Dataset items
--*--

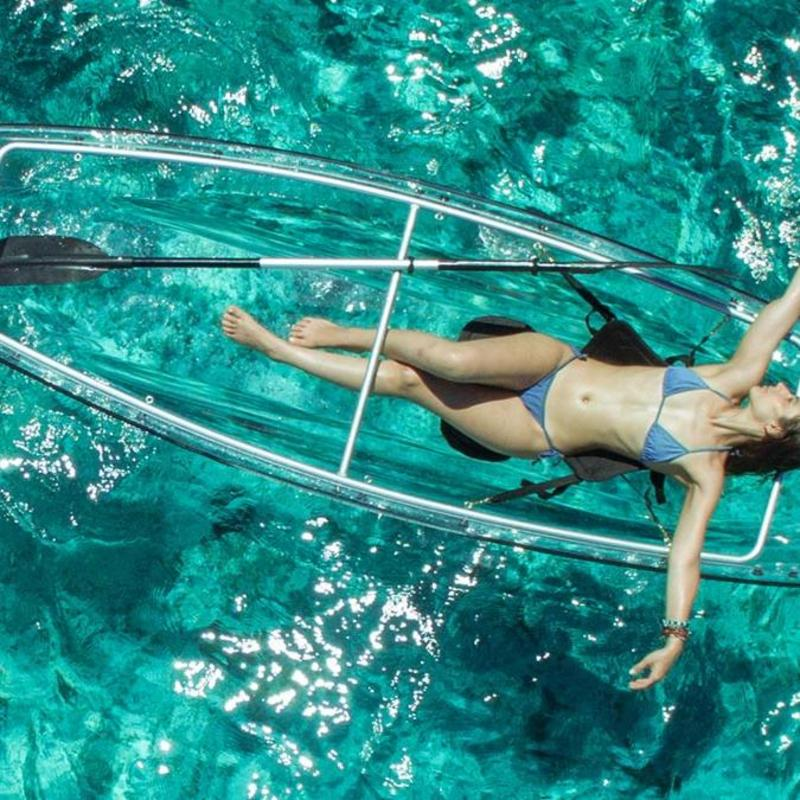 Experience the magic of paddling in a dream-like transparent canoe kayak that lets you and a partner immerse yourselves in the aquatic wonders without ever getting wet. This 11-foot marvel is made of polycarbonate Lexan, the same material that’s used for bulletproof glass and fighter jet canopies, so you know it can take a punchâas well as a splash! The transparent body offers a crystal-clear view of coral reefs, shimmering schools of fish, swaying seaweed, and maybe even a shark or two. Don’t worry, thoughâthe sturdy hull has your back (and your underside). Whether you’re navigating calm lakes for a romantic sunset paddle or exploring ocean adventures, this canoe offers the ultimate sightseeing setup.\n\nLight enough at 40 pounds to be carried by even the least gym-enthusiastic among us, this canoe is still impressively durable. It can haul up to 425 pounds, so bring your favorite personâor, you know, pack it full of snacks because why share, right? The anodized aluminum frame is completely removable, making it a breeze to store and transport to your next scenic destination.\n\nPerfect for anyone terrified of water but obsessed with aquatic life, this canoe lets you explore the depths from the safety of the surface. Aquaphobes and non-swimmers rejoiceâyou’re sealed in safety. Install it in minutes, disassemble it just as fast, and become the envy of every other paddler you pass. Or, humbly enjoy your undersea luxury yachtâyou do you.\n\nPacked and primed for lakeside getaways or adventurous vacations, the See Through Canoe is your go-to craft for unbelievable sightseeing and unparalleled fun. Paddle upward and onward with views that make Instagram jealous and memories you’ll brag about for years.
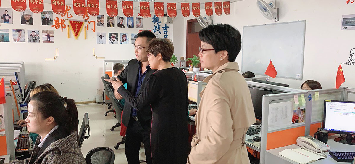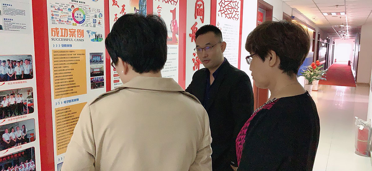 滄州師范學院商學院院長張鳳燕女士、廣告學專業(yè)教授王麗芳女士和學生代表一行對滄州智博信息技術有限公司的辦公環(huán)境、日常工作、公司榮譽、團隊建設、企業(yè)文化等進行了實地參觀,整潔的辦公環(huán)境、堅實的技術實力、年輕朝氣的團隊成員、創(chuàng)新進取的企業(yè)精神給她們留下了深刻印象。
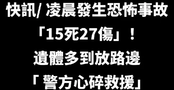 快訊/凌晨發生恐怖事故「15死27傷」!遺體多到放路邊「 警方心碎救援!」
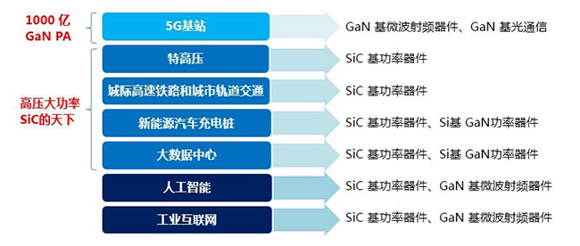 第三代半導(dǎo)體在新基建七大領(lǐng)域都有其廣泛的應(yīng)用前景。在5G基站領(lǐng)域, GaN PA(即氮化鎵功率放大器)是5G基站的最優(yōu)選擇,預(yù)計(jì)在2025年前,我國(guó) 5G 宏基站預(yù)計(jì)將建設(shè)超過500萬站,而5G宏基站、微基站、及毫米波基站帶來的GaN PA 市場(chǎng)規(guī)模將超過1000億元,而特高壓、高鐵和軌交、充電樁、大數(shù)據(jù)中心等高壓大功率領(lǐng)域都將是SiC的天下。
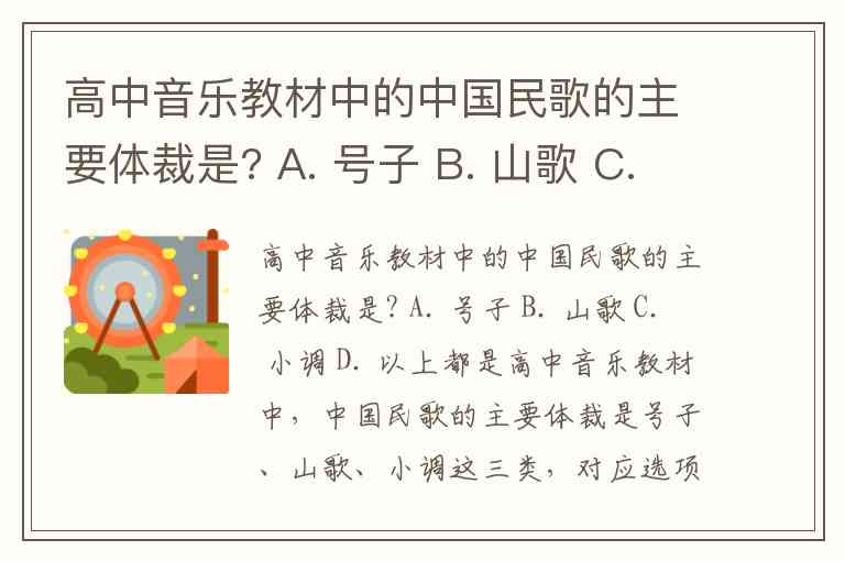 高中音乐教材中,中国民歌的主要体裁是号子、山歌、小调这三类,对应选项D“以上都是”。这一分类源自传统的“三分法”,是学术界和教材中最常用的分类体系,能清晰反映民歌与劳动、生活的紧密联系。
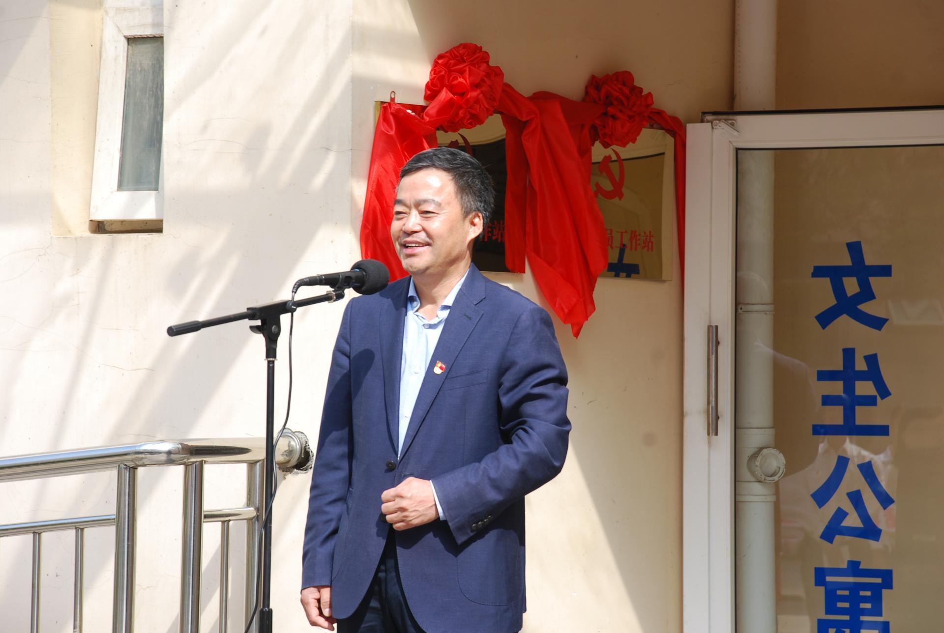 在启动仪式上,省委第二批主题教育第六巡回指导组组长、省科协副主席丁德科为第一、第二学生党员工作站揭牌并讲话。艰辛成就伟业,奋斗创造辉煌。丁组长深情回顾了党的98年光辉历程,谈到中国共产党成立以来的历史,绝非一帆风顺、波澜不惊,而是在应对挑战、克服困难、战胜风险、破解危局中不断前行的。在实现中华民族伟大复兴征程中,我们党所经受的风险挑战,有的是全局性的,有的是局部性的,有的更成为关乎党和国家前途命运甚至生死存亡的历史关节点。纵览党的奋斗历程,常有危难之际的绝处逢生,挫折之后的毅然奋起,磨难面前的百折不挠。正是在团结带领全国各族人民克服一切艰难险阻、战胜一切风险挑战的丰富实践中,我们党不断从胜利走向胜利。丁组长谈到,学校能够认真落实习近平总书记在全国高校思想政治工作会议和学校思想政治理论课教师座谈会上的讲话精神,紧扣“不忘初心、牢记使命”主题教育总要求和目标任务,在学生公寓楼首批建立起12间党员工作站和共享学习室,大力推进学生党建与思想政治教育工作向社区延伸,这种创新做法具有一定的典型性和示范性,充分体现了学校党委对学生党建工作的重视,切实把立德树人作为中心环节,把思想政治教育工作贯穿教育教学全过程,措施有力有效。大学生党员工作站的建立,搭建起多元的学习工作服务平台,将党建融入学生社区管理和服务,能够发挥学生党员在自我教育、自我管理、自我服务、自我监督方面的模范引领作用, 让学生社区党建融入到人才培养和入党积极分子考察、党员发展、党员日常教育管理等工作中去,同时也按照“围绕学生、关照学生、服务学生”的要求,将学生工作重心下移,关口前移,进一步推进学生工作进社区,贴近学生实际,努力服务学生成长成才。他指出,要切实发挥好大学生党员工作站引领思想、促进学习、彰显先锋的“三个平台”作用,指导老师要做好学生的引路人,同学们要坚定理想信念,忠诚于党,忠诚于人民,忠诚于马克思主义,要树立“铁肩担道义,妙手著文章”的为民理想和志向,弘扬中华人文精神,涵养君子之风,继承革命乐观主义精神,励志勤学,刻苦磨炼,认真学习先进典型,以凝聚同学、服务同学为导向,用心用情做好党员工作站各项工作。希望学生党员能够从细微处着手,从小事、具体事做起,不忘初心、牢记使命,以实际行动示范引领每一位同学,促进大家共同成长、成才、成人,要明确方向,勇担使命,为党的事业和祖国建设贡献青春力量,青春建功新时代。丁组长的讲话立意深远,鼓舞人心,也是一堂生动而精彩的党课。
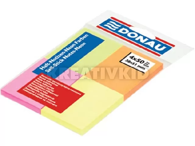 Öntapadó jegyzettömb, 38x51 mm, 4x50 lap, DONAU, vegyes szín
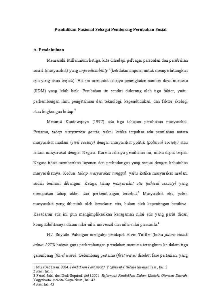 Pendidikan Sebagai Pelestarian Nilai Dan Perubahan Sosial

--*--

-- EXERCISE PROMPT --
The lines to reproduce run from the line containing "GaN PA(即氮化鎵功率放大器)是5G基站的最優(yōu)選擇,預(yù)計(jì)在2025年前,我國(guó) 5G" through the last line of the records above, both included. Copy them exactly and drop the pictures.

-- SOLUTION TO THIS EXERCISE --
 第三代半導(dǎo)體在新基建七大領(lǐng)域都有其廣泛的應(yīng)用前景。在5G基站領(lǐng)域, GaN PA(即氮化鎵功率放大器)是5G基站的最優(yōu)選擇,預(yù)計(jì)在2025年前,我國(guó) 5G 宏基站預(yù)計(jì)將建設(shè)超過500萬站,而5G宏基站、微基站、及毫米波基站帶來的GaN PA 市場(chǎng)規(guī)模將超過1000億元,而特高壓、高鐵和軌交、充電樁、大數(shù)據(jù)中心等高壓大功率領(lǐng)域都將是SiC的天下。
 高中音乐教材中,中国民歌的主要体裁是号子、山歌、小调这三类,对应选项D“以上都是”。这一分类源自传统的“三分法”,是学术界和教材中最常用的分类体系,能清晰反映民歌与劳动、生活的紧密联系。
 在启动仪式上,省委第二批主题教育第六巡回指导组组长、省科协副主席丁德科为第一、第二学生党员工作站揭牌并讲话。艰辛成就伟业,奋斗创造辉煌。丁组长深情回顾了党的98年光辉历程,谈到中国共产党成立以来的历史,绝非一帆风顺、波澜不惊,而是在应对挑战、克服困难、战胜风险、破解危局中不断前行的。在实现中华民族伟大复兴征程中,我们党所经受的风险挑战,有的是全局性的,有的是局部性的,有的更成为关乎党和国家前途命运甚至生死存亡的历史关节点。纵览党的奋斗历程,常有危难之际的绝处逢生,挫折之后的毅然奋起,磨难面前的百折不挠。正是在团结带领全国各族人民克服一切艰难险阻、战胜一切风险挑战的丰富实践中,我们党不断从胜利走向胜利。丁组长谈到,学校能够认真落实习近平总书记在全国高校思想政治工作会议和学校思想政治理论课教师座谈会上的讲话精神,紧扣“不忘初心、牢记使命”主题教育总要求和目标任务,在学生公寓楼首批建立起12间党员工作站和共享学习室,大力推进学生党建与思想政治教育工作向社区延伸,这种创新做法具有一定的典型性和示范性,充分体现了学校党委对学生党建工作的重视,切实把立德树人作为中心环节,把思想政治教育工作贯穿教育教学全过程,措施有力有效。大学生党员工作站的建立,搭建起多元的学习工作服务平台,将党建融入学生社区管理和服务,能够发挥学生党员在自我教育、自我管理、自我服务、自我监督方面的模范引领作用, 让学生社区党建融入到人才培养和入党积极分子考察、党员发展、党员日常教育管理等工作中去,同时也按照“围绕学生、关照学生、服务学生”的要求,将学生工作重心下移,关口前移,进一步推进学生工作进社区,贴近学生实际,努力服务学生成长成才。他指出,要切实发挥好大学生党员工作站引领思想、促进学习、彰显先锋的“三个平台”作用,指导老师要做好学生的引路人,同学们要坚定理想信念,忠诚于党,忠诚于人民,忠诚于马克思主义,要树立“铁肩担道义,妙手著文章”的为民理想和志向,弘扬中华人文精神,涵养君子之风,继承革命乐观主义精神,励志勤学,刻苦磨炼,认真学习先进典型,以凝聚同学、服务同学为导向,用心用情做好党员工作站各项工作。希望学生党员能够从细微处着手,从小事、具体事做起,不忘初心、牢记使命,以实际行动示范引领每一位同学,促进大家共同成长、成才、成人,要明确方向,勇担使命,为党的事业和祖国建设贡献青春力量,青春建功新时代。丁组长的讲话立意深远,鼓舞人心,也是一堂生动而精彩的党课。
 Öntapadó jegyzettömb, 38x51 mm, 4x50 lap, DONAU, vegyes szín
 Pendidikan Sebagai Pelestarian Nilai Dan Perubahan Sosial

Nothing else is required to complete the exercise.